_TASK DESCRIPTION_
Within the lines below, the span from the line with "Коляска прогулянкова Cam" to the line with "之后,王凯向同学们详细解读了", both ends included, is to be reproduced exactly, with pictures omitted.

_Stored items from a collection_
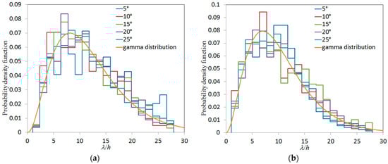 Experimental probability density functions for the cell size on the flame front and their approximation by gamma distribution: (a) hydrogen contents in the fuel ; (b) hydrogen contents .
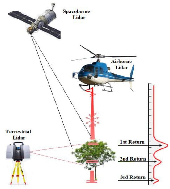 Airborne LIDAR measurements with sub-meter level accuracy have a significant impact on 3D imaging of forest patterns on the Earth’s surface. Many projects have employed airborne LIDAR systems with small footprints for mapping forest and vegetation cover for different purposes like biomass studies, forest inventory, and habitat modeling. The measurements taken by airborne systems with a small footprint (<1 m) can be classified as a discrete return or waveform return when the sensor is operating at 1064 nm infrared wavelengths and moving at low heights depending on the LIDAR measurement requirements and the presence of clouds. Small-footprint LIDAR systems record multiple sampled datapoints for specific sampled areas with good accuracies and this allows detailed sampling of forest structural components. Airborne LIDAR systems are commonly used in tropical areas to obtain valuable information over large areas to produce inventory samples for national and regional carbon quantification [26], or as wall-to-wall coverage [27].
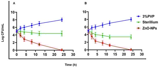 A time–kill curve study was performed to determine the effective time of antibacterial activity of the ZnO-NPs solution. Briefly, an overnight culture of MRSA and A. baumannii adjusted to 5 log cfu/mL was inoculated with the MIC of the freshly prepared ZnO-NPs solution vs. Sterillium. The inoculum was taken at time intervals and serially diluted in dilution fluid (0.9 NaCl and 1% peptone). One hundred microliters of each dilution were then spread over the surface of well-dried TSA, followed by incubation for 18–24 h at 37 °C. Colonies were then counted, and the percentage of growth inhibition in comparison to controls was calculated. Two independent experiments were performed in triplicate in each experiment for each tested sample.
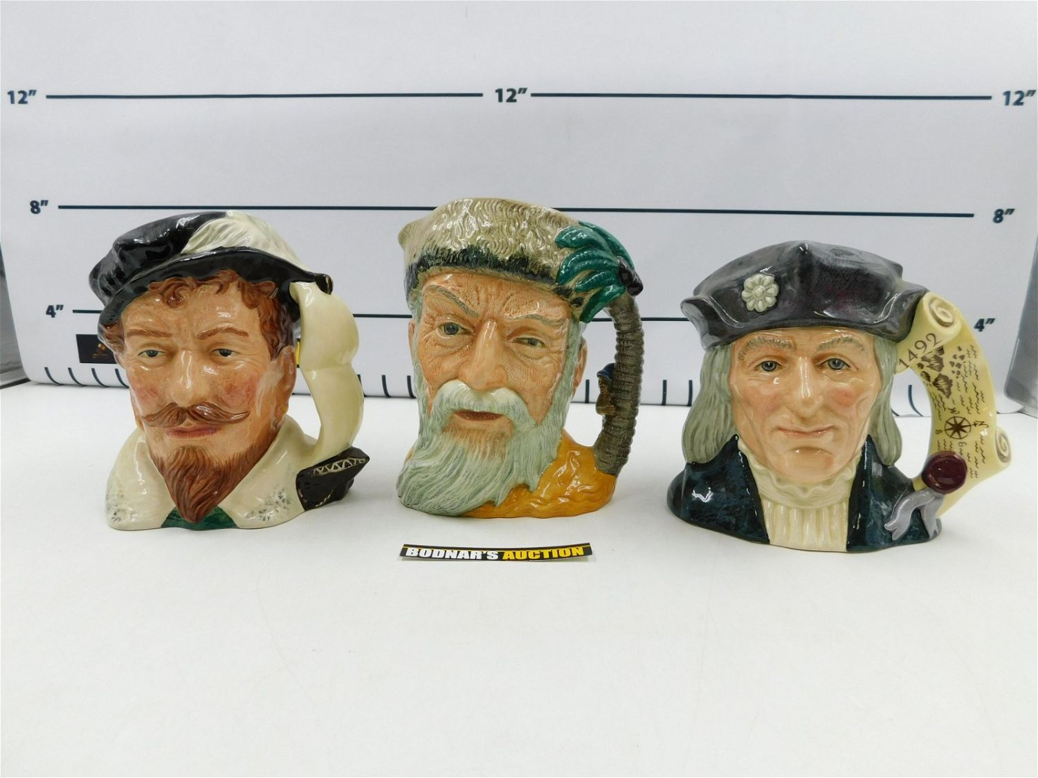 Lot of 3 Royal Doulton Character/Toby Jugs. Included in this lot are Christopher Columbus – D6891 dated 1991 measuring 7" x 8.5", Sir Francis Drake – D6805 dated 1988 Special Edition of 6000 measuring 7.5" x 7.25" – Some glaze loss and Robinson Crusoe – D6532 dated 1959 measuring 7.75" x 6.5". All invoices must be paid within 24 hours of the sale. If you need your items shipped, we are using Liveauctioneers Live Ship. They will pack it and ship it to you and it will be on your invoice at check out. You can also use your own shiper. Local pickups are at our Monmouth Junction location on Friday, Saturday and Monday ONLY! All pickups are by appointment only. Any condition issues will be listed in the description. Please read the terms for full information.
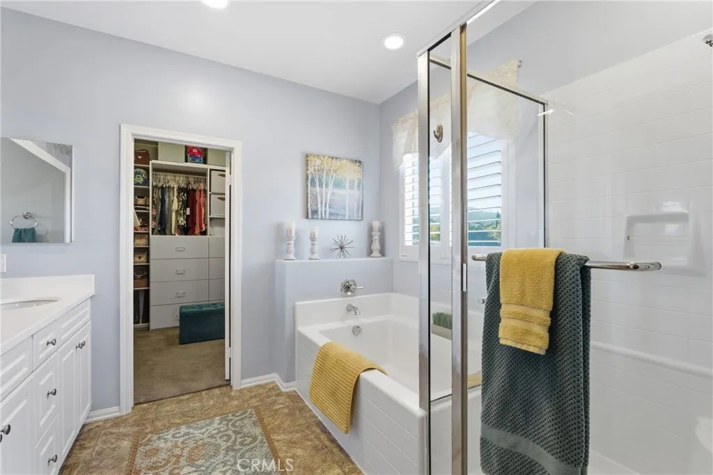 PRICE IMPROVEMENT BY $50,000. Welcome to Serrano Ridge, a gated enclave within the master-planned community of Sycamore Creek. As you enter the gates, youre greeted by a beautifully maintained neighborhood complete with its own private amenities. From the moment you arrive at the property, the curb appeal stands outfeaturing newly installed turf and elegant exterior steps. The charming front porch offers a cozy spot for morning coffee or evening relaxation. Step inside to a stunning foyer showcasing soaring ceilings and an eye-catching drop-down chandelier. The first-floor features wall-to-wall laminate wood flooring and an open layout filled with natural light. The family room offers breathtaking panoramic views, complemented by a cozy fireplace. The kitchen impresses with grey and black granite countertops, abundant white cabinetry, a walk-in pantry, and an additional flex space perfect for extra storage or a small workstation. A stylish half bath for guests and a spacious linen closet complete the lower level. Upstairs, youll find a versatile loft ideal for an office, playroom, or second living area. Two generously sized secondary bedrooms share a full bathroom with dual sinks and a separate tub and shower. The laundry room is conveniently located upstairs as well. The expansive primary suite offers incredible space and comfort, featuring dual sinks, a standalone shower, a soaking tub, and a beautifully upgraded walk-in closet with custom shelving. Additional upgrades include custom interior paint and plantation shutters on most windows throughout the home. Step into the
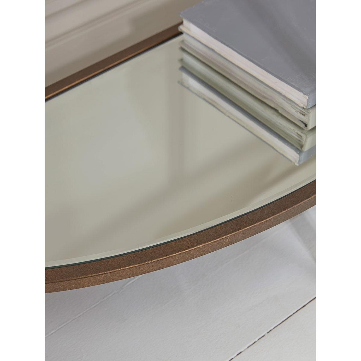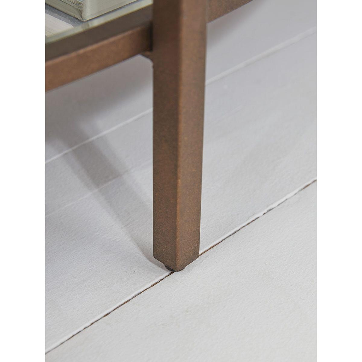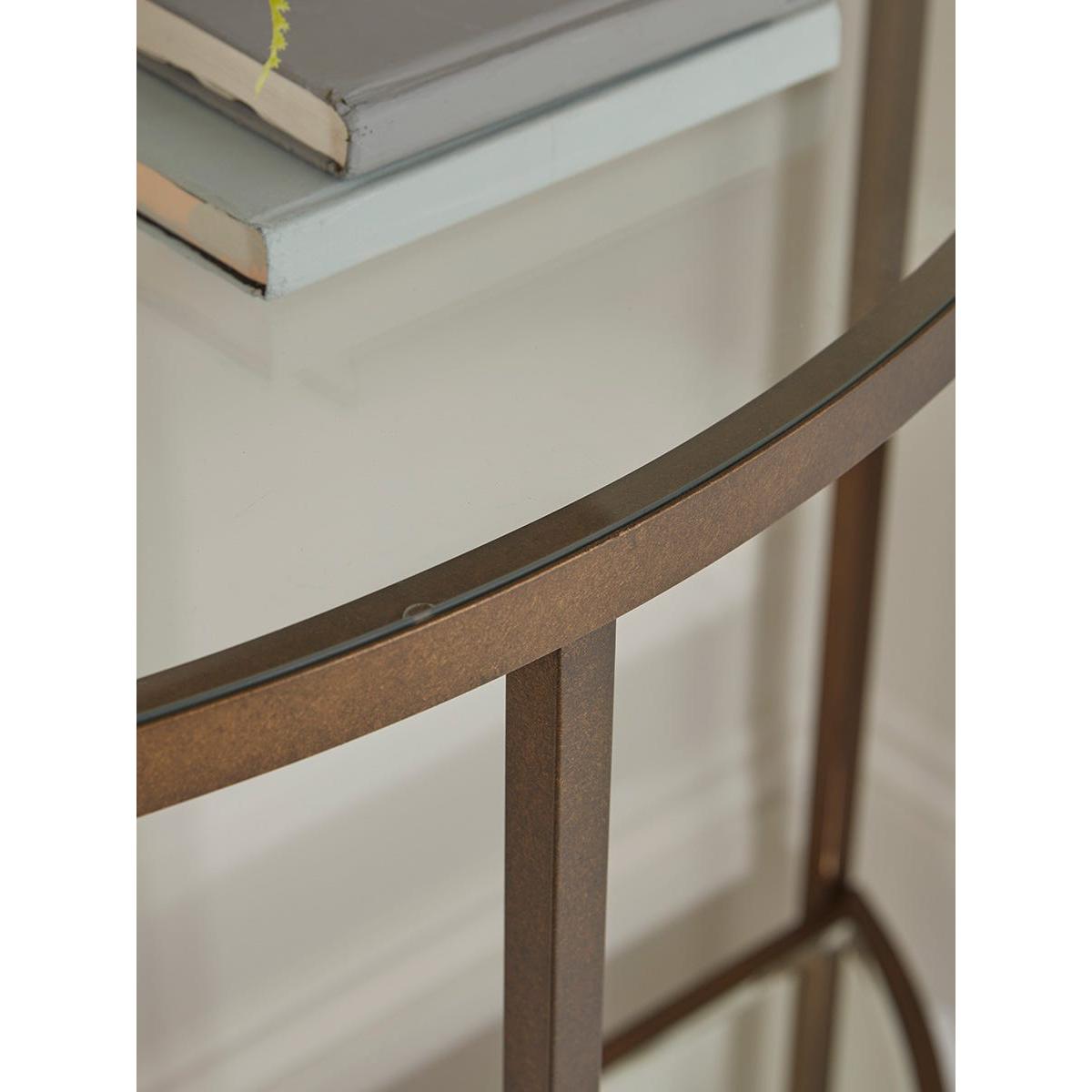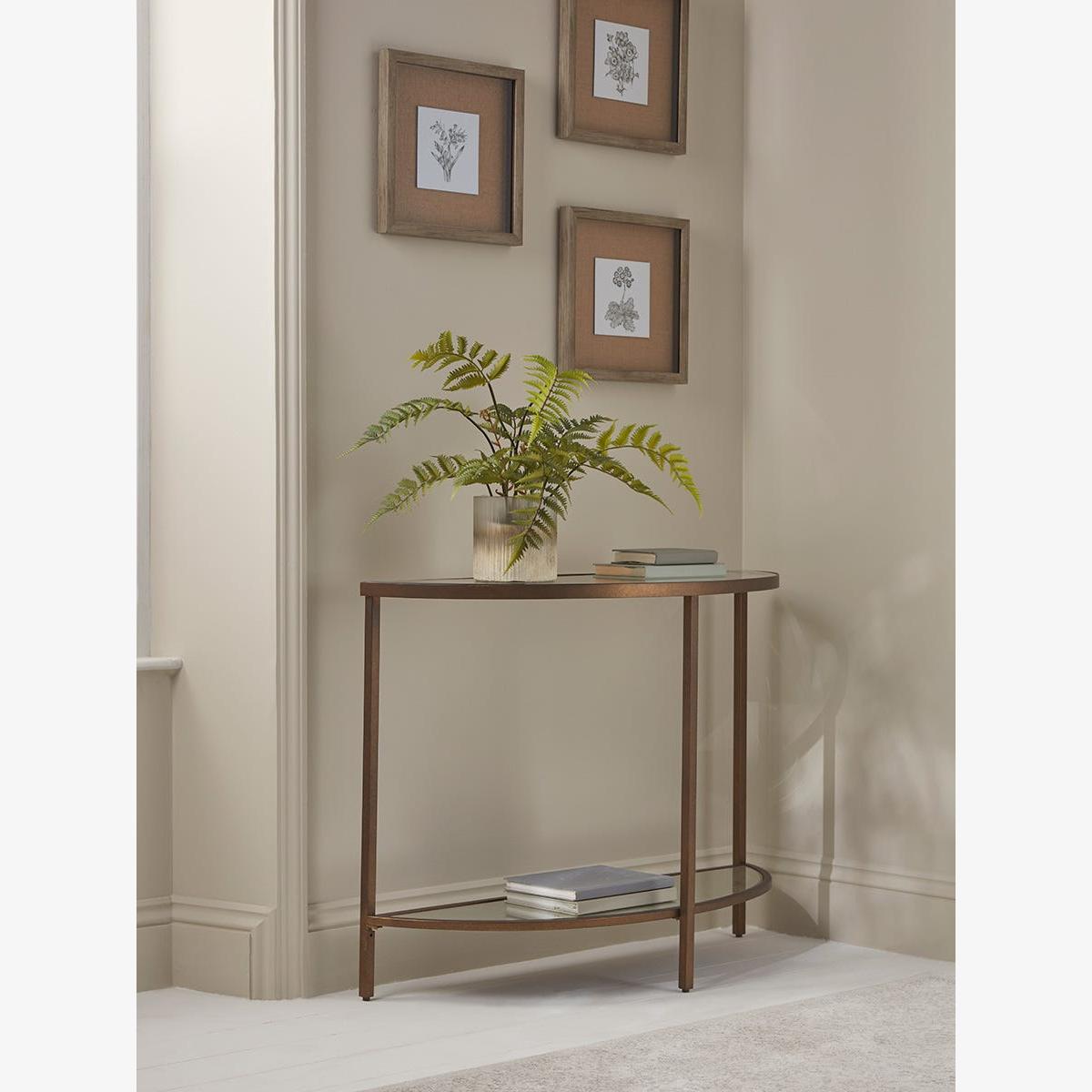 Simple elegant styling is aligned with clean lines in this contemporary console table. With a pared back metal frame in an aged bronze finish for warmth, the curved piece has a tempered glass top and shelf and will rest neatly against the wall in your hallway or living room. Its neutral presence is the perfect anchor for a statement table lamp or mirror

* * *

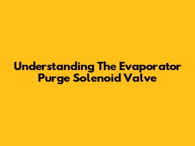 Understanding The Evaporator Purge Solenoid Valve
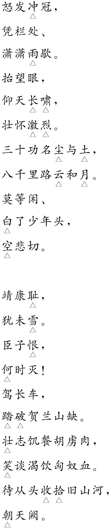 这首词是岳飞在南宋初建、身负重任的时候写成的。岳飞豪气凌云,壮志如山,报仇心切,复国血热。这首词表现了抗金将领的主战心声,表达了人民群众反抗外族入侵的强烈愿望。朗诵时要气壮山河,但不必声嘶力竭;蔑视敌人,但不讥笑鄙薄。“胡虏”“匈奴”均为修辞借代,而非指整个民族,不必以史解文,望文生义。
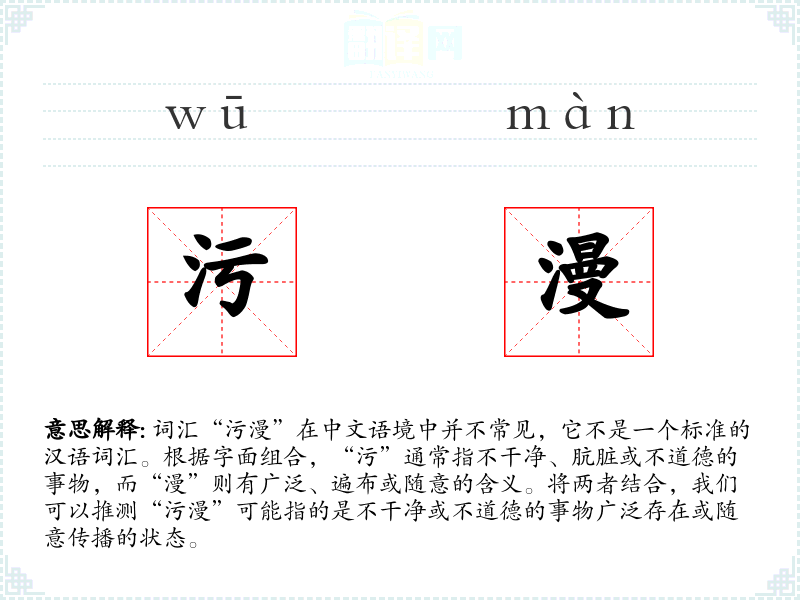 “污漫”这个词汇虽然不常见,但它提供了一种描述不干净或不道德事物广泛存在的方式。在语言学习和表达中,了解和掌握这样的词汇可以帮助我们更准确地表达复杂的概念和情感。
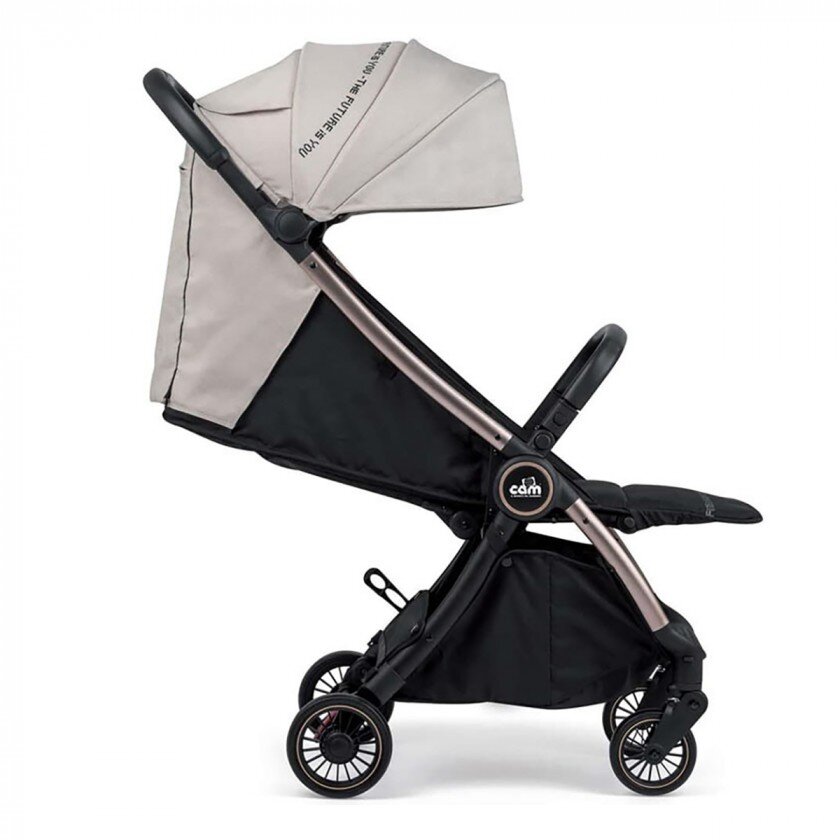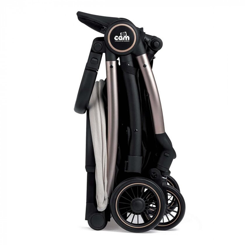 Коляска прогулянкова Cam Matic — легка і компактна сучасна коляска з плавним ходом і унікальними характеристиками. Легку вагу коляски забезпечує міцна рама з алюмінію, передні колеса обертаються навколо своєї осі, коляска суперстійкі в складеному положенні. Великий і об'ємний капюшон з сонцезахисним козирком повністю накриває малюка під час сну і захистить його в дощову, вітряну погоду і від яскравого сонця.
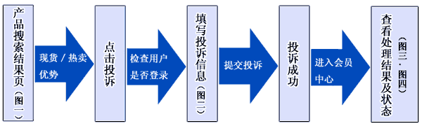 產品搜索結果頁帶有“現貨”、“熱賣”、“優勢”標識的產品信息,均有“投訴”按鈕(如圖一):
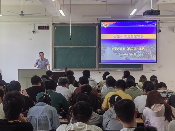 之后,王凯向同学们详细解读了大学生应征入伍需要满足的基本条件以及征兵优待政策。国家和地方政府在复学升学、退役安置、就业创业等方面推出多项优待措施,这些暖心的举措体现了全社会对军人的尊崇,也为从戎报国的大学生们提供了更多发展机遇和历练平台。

_WRITTEN ANSWER_
 Коляска прогулянкова Cam Matic — легка і компактна сучасна коляска з плавним ходом і унікальними характеристиками. Легку вагу коляски забезпечує міцна рама з алюмінію, передні колеса обертаються навколо своєї осі, коляска суперстійкі в складеному положенні. Великий і об'ємний капюшон з сонцезахисним козирком повністю накриває малюка під час сну і захистить його в дощову, вітряну погоду і від яскравого сонця.
 產品搜索結果頁帶有“現貨”、“熱賣”、“優勢”標識的產品信息,均有“投訴”按鈕(如圖一):
 之后,王凯向同学们详细解读了大学生应征入伍需要满足的基本条件以及征兵优待政策。国家和地方政府在复学升学、退役安置、就业创业等方面推出多项优待措施,这些暖心的举措体现了全社会对军人的尊崇,也为从戎报国的大学生们提供了更多发展机遇和历练平台。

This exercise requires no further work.